Future plc today announces its Interim Management Statement for the period from 1 October 2013, incorporating the Group's third quarter for the three months ended 30 June 2014.

The statement:

Trading performance

In the three months to June 2014 trading continued to be in line with the trends seen in the first half of the financial year. The expected slowdown in print copy sales continued while normalised digital and diversified revenues are up 10% year on year.

During the period a major US print magazines distributor filed for Chapter 11 bankruptcy protection resulting in an exceptional charge of £1.5m, largely arising from bad debts, in H2 2014.

Financial position

Net debt at 30 June 2014 was £14.2m.
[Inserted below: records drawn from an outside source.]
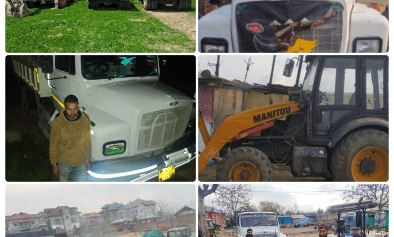 The seized vehicles include 17 tippers, 20 tractors, 5 JCBs, 2 L&T machines, and 1 sand dredger, which were impounded from various areas of the district including Beerwah, Khag, Hardpanzoo, Chadoora, Kanigund, Doodganga, and Waterhail.
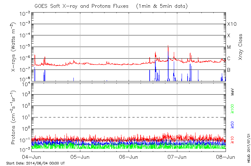 This page provides light-curves generated from GOES soft X-ray and Particle data for the date indicated at the top and the preceding three days.
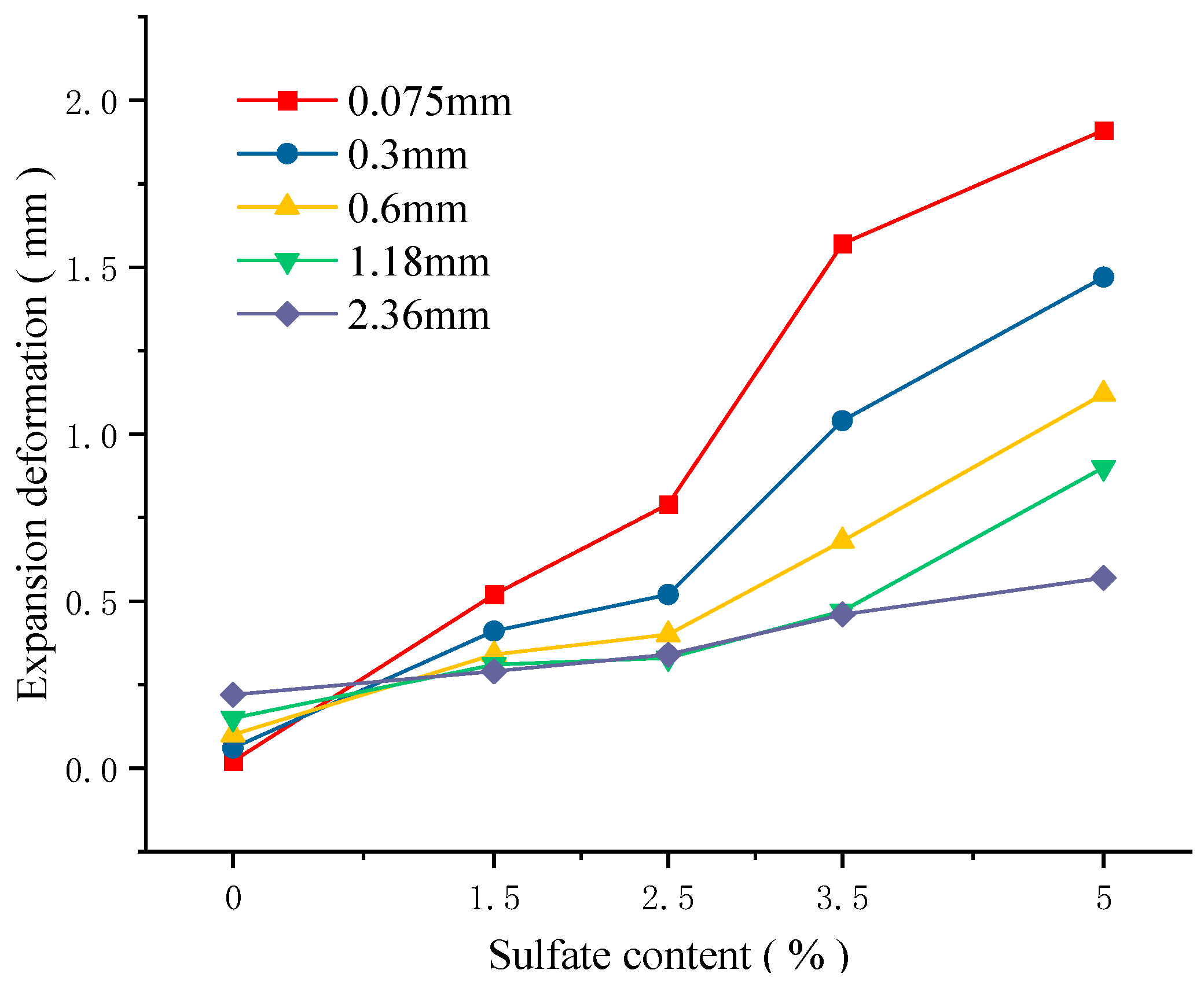 Figure 5, the levels of expansion deformation with different particle sizes are compared and analyzed. It can be seen that the expansion deformation in the sample is inversely proportional to the particle size of the macadam. The smaller the particle size, the smaller the mesopore size of the mixture structure and the greater the expansion deformation of the specimen under the same sulfate content. For example, when the sulfate content is 5%, the expansion deformation in the mixture with a gravel particle size of 0.075 mm is increased by 1.34 mm (+235%) compared with the mixture with a gravel particle size of 2.36 mm. According to the analysis of the expansion mechanism of sulfate erosion, when the sulfate content is constant, the crystal phase generated in the mixture can be determined. Therefore, the larger the initial porosity inside the structure, the stronger the ability to accommodate the crystalline phase, and the expansion deformation of the sample under salt erosion is relatively small. In addition, when the mixture does not contain salt, the specimen shows little expansion deformation. This is mainly because, under the condition of artificial maintenance, different parts of the sample undergo different degrees of dry–wet cycles, resulting in the loosening of the sample. Specifically, the larger the particle size of the mixture, the more loose deformation there is in the sample.

Following the receipt of funds from the disposal of Sport and Craft titles, the Board expects to be in a net cash position at the year end.

The Group has finalised a new revised facility of up to £12m until 31 December 2015.

Transformation Programme and outlook

The Group continues to make good progress on the transformation programme which was initiated in Q2. The collective consultation process has now been completed. As previously reported, this is expected to result in a headcount reduction of over 170 roles in the UK in addition to over 40 roles already exited in the US.

Future expects to reduce its cost base following the headcount reductions and other cost savings across the Group by some £6m in the next financial year.

In the near term trading continues to be challenging, with minimal forward visibility. The business does not foresee a change in the financial performance this financial year with the impact of the transformation programme not expected to be material until 2015.

Zillah Byng-Maddick, Future plc Chief Executive, said: "We have taken the necessary action to strengthen the balance sheet and secured new debt facilities to enable the business to be fundamentally restructured. As a result, the Group is now in a much more stable position.

"We are making good progress - in line with our original plans - but organisational change of this scale takes time. Against a backdrop of a difficult trading environment, we don't expect to see any material uplift in our financial performance until the next financial year."